Однажды ночью, он уже по привычке лёг рядом со мной. Лукас, спросил он, тебе будет грустно, если меня не станет. Я ответил, что, возможно, умру сам. После этого я услышал тихие всхлипы. Чону расплакался. Я обнял его так крепко, как только мог. Я не хотел видеть его слёзы.
«Чону, я всегда буду рядом, успокойся» - шептал я в ту ночь.
Под утро у него снова случился приступ. Он был жутко бледным, и у него поднялась температура. Я немедленно бросился к телефону. Но Чону остановил меня.
«Это бесполезно» сказал он. Ещё сказал, что у него неизлечимая болезнь. И что он скоро умрёт. И с этим ничего не поделать.
Конечно, я не поверил. Я почти накричал на него. Вцепился ему в плечи и даже потряс несколько раз. А он болтался, как кукла.
«Ты знаешь, мне совсем не хочется умирать», прошептал Чону. Что-то в его голосе изменилось. Я почувствовал какое-то бесконечное отчаяние. Было ли это моё отчаяние или отражение его.
Когда я разбивал зеркало в бессильной злобе и обиде, он просто сидел на кровати. Мне было так страшно, так больно внутри. Это было так эгоистично с моей стороны. Я был как маленький ребёнок, у которого забирают игрушку. Но ему, каково было в тот момент ему?
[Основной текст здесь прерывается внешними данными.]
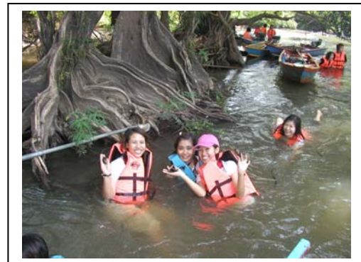
ภาพ 23 การบริหารความเสี่ยงเสื้อชูชีพ

« Моему Лукасу. Спасибо тебе. В последнее время мне так не хватало такого человека, как ты. Ты такой добрый, отзывчивый и тёплый. Мне безумно нравилась твоя улыбка и твой смех. Ты очень болтливый, но мне нравилось это. Ты сказал, что будешь рядом всегда. Прости, но это невозможно. Не грусти, у тебя всё будет хорошо. Будь счастлив. Чону»
Такую записку я нашёл утром. Следующие несколько дней я искал его.
Я нашёл его в одной небольшой клинике. Он уже не мог ходить. Когда он увидел меня - заплакал. Мне было всё равно, я не хотел отпускать его так просто. Мы разговаривали, вернее, я рассказывал ему всё, что мог. Я держал его за руку. Помогал принимать лекарства. Ему не становилось лучше. Никакого хэппи-энда не предвиделось.
Он просто не проснулся. Я не видел, как он ушёл. Но мне кажется, что я почувствовал это. Часть меня надеялась на чудо, а другая часть – смирилась. И когда я осознал, что теперь его нет, обе эти части исчезли. Мне стало очень-очень грустно».